Wiping Cee’s snotty nose, I glanced at the clock. 8:42 AM. Wanting to be out and on my way and torn with guilt at watching my poor mom bend painfully to feed the kutties, I gave up. Dropping my bag, I took the bottle of baby food and shoved huge spoonfuls into two unwilling mouths. Dropping the spoon into the sink and wiping drool filled lips, I finally made it out the door throwing backward glances all the way.

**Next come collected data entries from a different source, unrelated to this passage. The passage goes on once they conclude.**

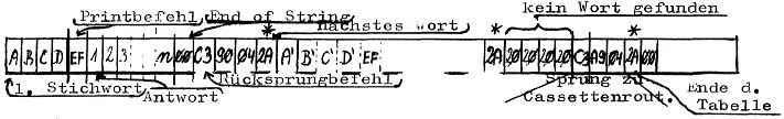 Die Adressen. 0C50 bis einschl. 0C53 dienen als Zwischenspeicher bei der Stichwortsuche. Soll dieser Speicher verschoben werden, müssen die Adressen im Programmteil 042F bis 0441 geändert werden. Soll der Beginn des Stichwort/Antwortspeichers verschoben werden, (im Progr. ist Speicherbeginn 0C54) so sind 0442 und 047F zu ändern.
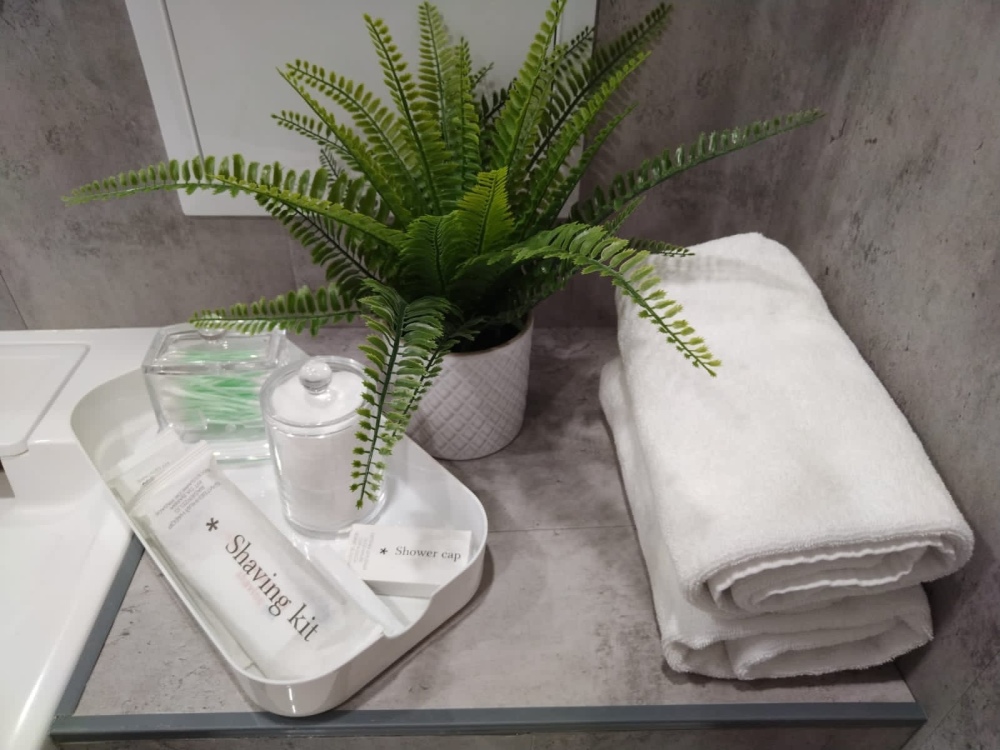В ванной комнате: гигиенические принадлежности (шампунь, гель для душа, мыло, ватные диски и палочки), фен. Стиральная машина, утюг, гладильная доска и другие приятные мелочи.
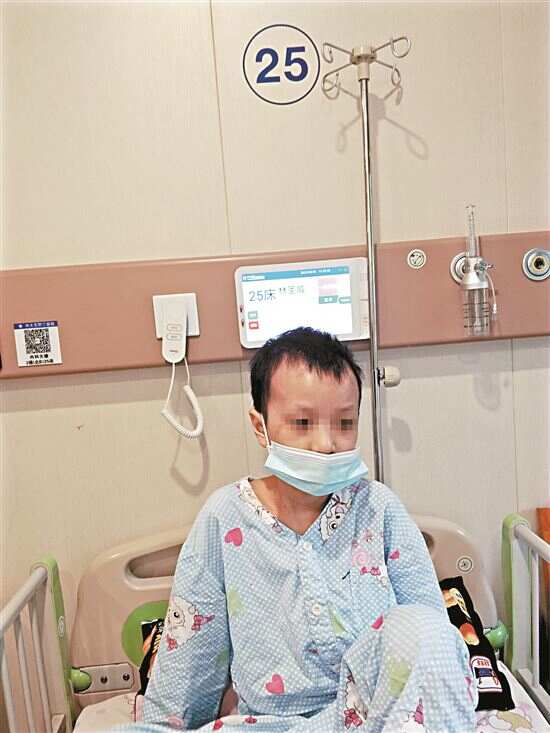 ◀病情复发后,小葳二次入院接受新一轮化疗。
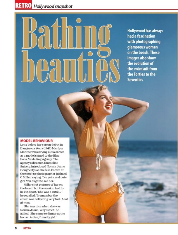 Richard C. Miller’s photo of Marilyn in her yellow string bikini is also featured as part of ‘Bathing Beauties,’ a 3-page layout in the August 2025 issue of UK nostalgia magazine Yours Retro (#91, with Cary Grant on the cover.)
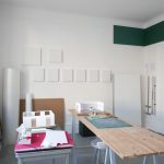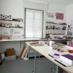 Un espace est destinée aux projets, confection de supports, de maquettes d’exposition et emballage des travaux terminés. Les autres espaces sont utilisés pour la peinture essentiellement.

Hearing increasingly loud wails filter in through the monitor, I fight sleep. I push away the covers to see K in a fetal position trying to hold on to beauty sleep through the wails. In the dead of the night as I hold a fussy, sniffling baby, I realize what it means – that mommy guilt. As much as I would like to pretend all is well with the world, I can not. I will not. I rock the baby till my arms give out. I go to bed knowing I will be up in the wee hours of the morning. I can let the baby cry it out but I have trouble doing that.
It’s when all the small decisions become big. When I haggle for that 5$ off coupon but hardly blink an eye at the four figure monthly fee for daycare. It’s when I mull turning the car around and quitting work. It’s when I debate putting my MBA on hold indefinitely. It’s when I put my feet up at the end of the day but cannot relax because my mind is in overdrive planning the next meal, planning for the next contingency.
It’s when I stand outside the door waiting for Cee to fall back asleep, as her sobs quiet down, I realize this thing. The mommy guilt. It’s just started and will last my life long.